We deliberately do not use Helm. The chart-template indirection is unnecessary for our scope; the variation between environments is small (image tag, ingress host, private-storage backend, secret references) and overlays handle it more legibly than {{ if }} blocks in templates. Plain YAML + overlays also matches every other layer of this stack's preference for explicit composition over template substitution.

Data migration

A re-runnable migration script (apps/api/scripts/import-laddr.ts) fetches the public laddr dataset from codeforphilly.org's ?format=json endpoints and writes records as a full-tree snapshot commit on the legacy-import branch in the public data repo. Each record gets a legacyId field populated with the laddr auto-increment ID, so URLs like /projects/squadquest resolve in both systems against the same slug. See behaviors/legacy-id-mapping.md.

Each run produces one new commit whose tree fully replaces the previous one — consecutive commits diff cleanly to show what changed upstream on laddr between runs. The operator merges legacy-import into main in a separate, deliberate step to integrate updates into runtime data.
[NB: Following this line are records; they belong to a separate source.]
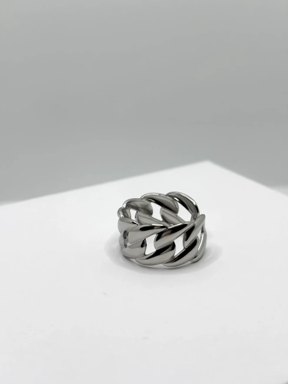 Anello in acciaio inox con design a catena intrecciata, disponibile in finitura argentata o dorata. Un classico rivisitato in chiave moderna, adatto sia a lui che a lei.
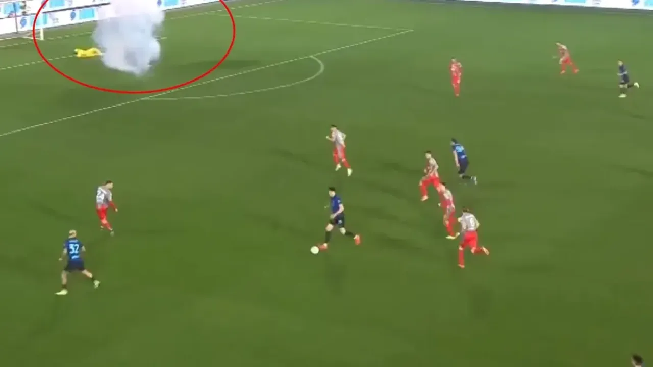 Kaleciye sahada müdahale edilirken hakem karşılaşmayı kısa süreliğine durdurdu. Yoğun duman nedeniyle saha bir süre kontrol altına alınmaya çalışıldı.
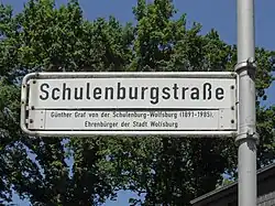 - ↑ Zum Gedächtnis an Ursula Gräfin von der Schulenburg-Wolfsburg, geb. Freiin von Dincklage. books.google.de, abgerufen am 4. Oktober 2018.

The importer pulls only public fields. Private data (emails, password hashes, newsletter prefs) is handled separately at cutover via the account-claim flow.

Authorization model

Three levels, matching laddr's Person.AccountLevel:

Level Who Can
Anonymous Not signed in Browse public content; view profiles, projects, updates, buzz
User Signed-in member Update own profile; post project updates on projects they're a member of; post buzz to any project; create new projects (auto-becomes maintainer)
Staff Trusted contributor Edit any project; manage project members; promote help-wanted to highlighted; moderate content
Administrator Org leadership All Staff powers + manage users + irreversible deletes + impersonate

Authorization rules per endpoint and screen live in the respective spec files, with the cross-cutting policy in behaviors/authorization.md.

How accounts come into being: there is no on-site sign-up form. Accounts originate from one of two paths:

  • Laddr migration import — seeds every existing laddr member as a Person record with their preserved slug, email, and (where applicable) LegacyPasswordCredential. These accounts exist but have no JWTs issued yet; the user gets their first session by going through the not-yet-specified GitHub OAuth + account-claim flow.
  • GitHub OAuth, first sign-in — once the OAuth flow is specified, a new GitHub user signing in for the first time who can't be matched to a legacy account gets a fresh Person record auto-created at accountLevel = user.

Staff and Administrator levels are set by existing administrators, via a hand-authored commit to the data repo until the staff-level endpoint is built.

Performance budgets

  • Projects index — first contentful paint < 1.5s, time-to-interactive < 3s on cable broadband
  • API p95 — < 200ms for read endpoints, < 500ms for write endpoints
  • Bundle size — initial JS < 250 KB gzipped; lazy-load admin and edit views

These are targets, not gates. Violations get a ticket; they don't block release unless they're 2x off.